There are various types of text corpora. Selection of corpus type and texts to be included is usually influenced
by factors such as project goal, scope and deadlines.
4.2 Text corpora and terminology extraction
Organizations usually produce textual material relating to their industry, activity and the field in which they
operate. These kinds of texts include, for example, marketing materials, product documentation, internal
memos and bilingual translation memories. Such textual material can contribute to an organization-wide
text corpus that forms the basis for terminology extraction.
The usefulness of candidate terminological data extracted from such a text corpus depends on the context
and aim of the terminology extraction project as well as on the depth or breadth of the subject-field coverage
provided by the text corpus.
4.3 Compilation of text corpora
4.3.1 Text corpora used for terminology extraction
Terminology extraction begins with the collection of a text corpus, according to the objectives of the project.
There are differing kinds of text corpora, specifically:
— a monolingual corpus, consisting of texts taken from the same language;
— a bilingual corpus, consisting of texts taken from two languages;
— a multilingual corpus, consisting of texts taken from more than two languages;
— a parallel corpus, consisting of texts taken from one language aligned with their translations into one or
more other languages;
EXAMPLE A set of annual reports in English aligned segment by segment with the same annual reports
translated into Tagalog.
— a comparable corpus, consisting of one or more sets of texts meeting certain criteria, matched against a
set of texts meeting the same criteria in one or more languages.
NOTE Thus, the texts are not translations of each other, but they are similar in respects other than language,
which can be, for example, subject field or text type. A comparable corpus can be created, for example, from
original articles on steel extrusion processes in French and another set of original articles on steel extrusion
processes in German.
When creating a text corpus, texts should be selected depending on the goal or purpose of the extraction
task by defining and/or selecting criteria the texts must meet to be included in the text corpus. For example,
if the goal is to extract rare words in Elizabethan English, a text that is a German computer manual should
not be included in the text corpus because it does not meet two criteria essential and appropriate to the goal:
the time frame criterion (texts written between 1558 and 1603) and the language criterion (in English).
Or if the goal is to translate the user interface of a software program into another language, creating a text
corpus out of the textual graphical user interface (GUI) elements can be useful for extracting terms. As a
next step, language professionals can find equivalents for these terms to be used in the translation.

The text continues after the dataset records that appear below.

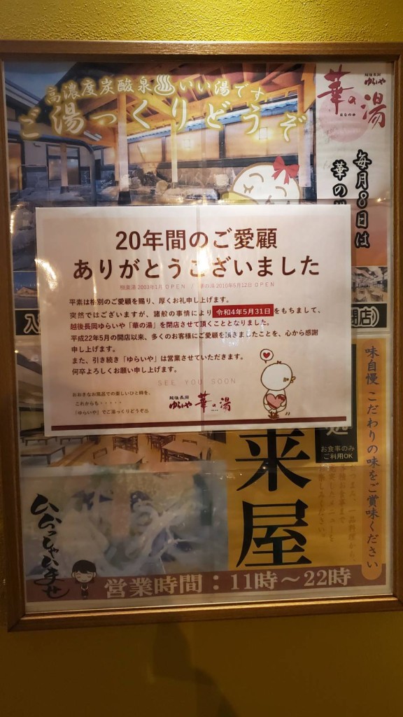 華の湯が昨夜、閉店しちゃった~(´;ω;`)ウッ…
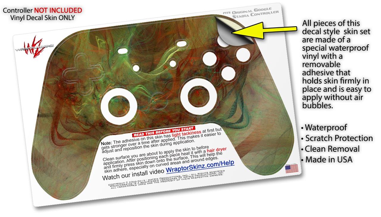 This product is in no way affiliated with or endorsed by Google. WraptorSkinz® skin wraps work with the Original Google Stadia version 1 Controller. Printed using superb photo quality designs and vibrant colors printed with special fade resistant inks that last even in direct sun for years. WraptorSkinz are a composite of two layers of commercial grade materials. The bottom layer is a soft, flexible vinyl with a special removable adhesive that is easily positioned, applied without air bubbles. Next, we print the bottom layer with UV protected, fade resistant inks that deliver superb photo quality designs in vibrant colors. Finally, we bond a professional grade laminate over the entire skin adding a glossy protective finish.
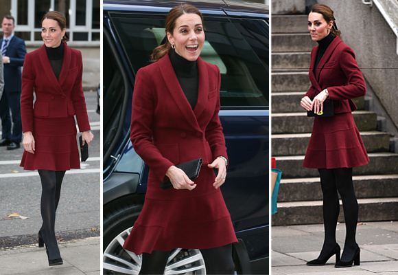 Kate Middleton acudió a la University College London con un traje de chaqueta que estrenó en 2012. Un look que también llevó el año pasado con botas, pero que prefirió combinar esta vez con unas medias negras y unos salones. La duquesa de Cambridge completó su atuendo con un jersey de cuello vuelto del mismo color.
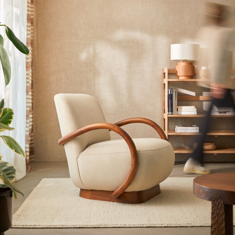 Drehsessel aus massivem Mindiholz mit naturfarbenem Stoffbezug
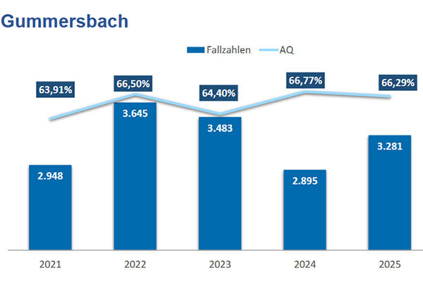 Hier steht mit 411 Fällen die niedrigste Zahl seit fünf Jahren, 86 weniger als im Vorjahr. Dies gelte auch für die Fallzahlen Raub sowie schwere und gefährliche Körperverletzung auf Straßen, Wegen und Plätzen, Kriminalität im öffentlichen Raum also (2025: 143, 2024: 162). An diesem Beispiel zeigt sich auch stellvertretend, dass die Kreisstadt Gummersbach als Tatort im Vergleich zu den anderen Kreiskommunen mit weniger Einwohnern eine „herausragende Rolle“ einnehme. Von den 143 Fällen passierten 60 in Gummersbach. In Bezug auf die Gesamtkriminalität kann man sagen: Rund 30 Prozent der Straftaten im Kreis wurden in der Kreisstadt verübt, was aufgrund des städtischen Charakters „nicht überraschend oder auffällig“ sei, so Grootens.
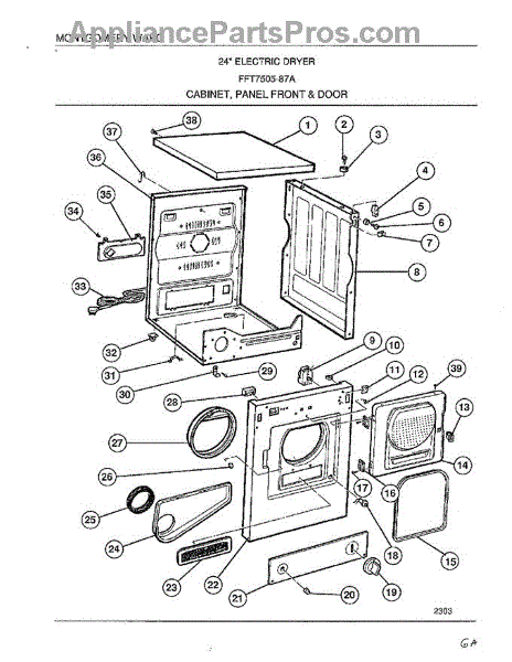 Parts for Frigidaire 7505-87A: Cabinet, Panel Front And Door Parts
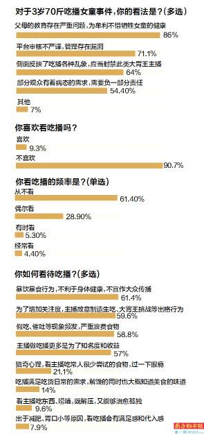为了解公众对吃播的态度和看法,南都民调中心社会群体和公众心理研究课题组8月27日至28日通过热点站站队平台发起网络调查,同时监测抖音、斗鱼和快手等平台对吃播视频的管控情况。调查发现:超八成受访者认为当事女童父母的教育有问题,七成人则反映平台审核监管不力;九成受访者明确表示不喜欢看吃播,六成人表示从不看吃播;公众对吃播视频已形成负面印象,六成人认为吃播更多是暴饮暴食行为,不宜作大众传播;八成人支持平台对恶俗吃播予以删作品、关停直播、封账号等处罚。同时,课题组监测发现主要平台和主播已纷纷除去“大胃王”标签并下架有关视频。对于大众喜欢观看吃播视频这一现象,心理学专家认为这与替代性满足心理、抵御孤独感和猎奇心理有关。
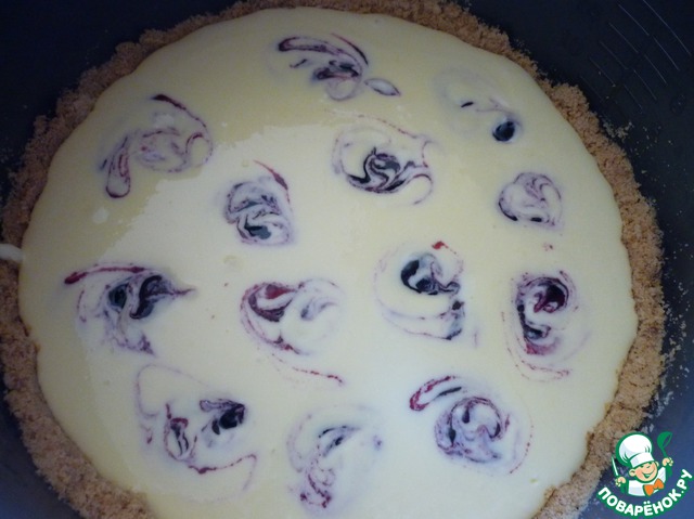 Выложить чизкейк, помогая чашей для пароварки. Охладить.
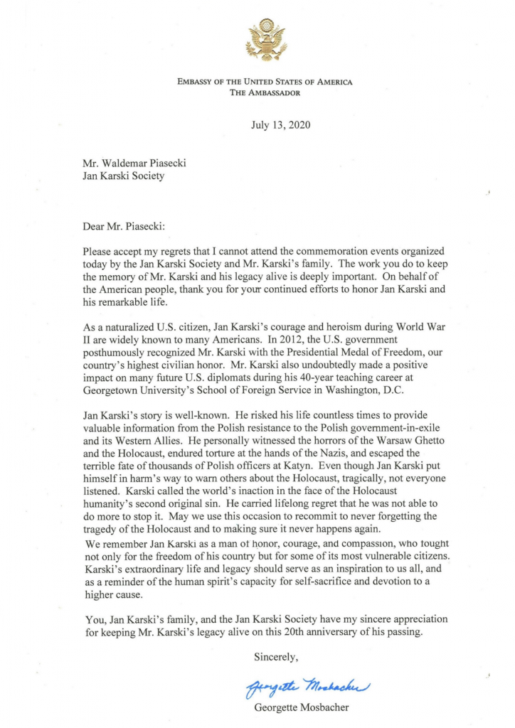 Reprezentujący panią ambasador Georgette Mosbacher, radca Yuri Fedkiw, odczytał jej list skierowany z okazji rocznicy do przewodniczącego Towarzystwa Jana Karskiego Waldemara Piaseckiego.

4.3.2 Criteria for selecting texts for a text corpus
Terminology extraction can have a number of different objectives, all of which influence the development of
the text corpus. The following list includes frequent criteria that can be considered when selecting texts for
a text corpus. This list is based on scenarios that seek to extract and use terminology for the same purpose
associated with the texts in the corpus:
— Content source: Usually, original content is preferable to derived works or content generated by artificial
intelligence applications.
— Language originality: In monolingual extraction scenarios, texts for a given language which have
originally been written in that language are preferable to translated texts. Translated texts can be used,
particularly where original texts are not available (e.g. in cases of languages where very little has been
written in a particular subject field). In bilingual extraction scenarios, however, original texts are usually
aligned with their corresponding translations.
— Locale: When seeking to extract terminology particular to a locale (language plus region), including
texts from only that locale provides the best results.
EXAMPLE 1 Canadian French texts for Canadian French terminology, Swiss French texts for Swiss French
terminology.
— Scope: When seeking to extract terminology applicable to a particular part of a subject field, selecting
texts destined to be used in that subject field part yields the best results.
EXAMPLE 2 When seeking terms relating to oncology, selecting oncology-related texts from a medicine text
corpus over dermatology-related ones will generate more appropriate results.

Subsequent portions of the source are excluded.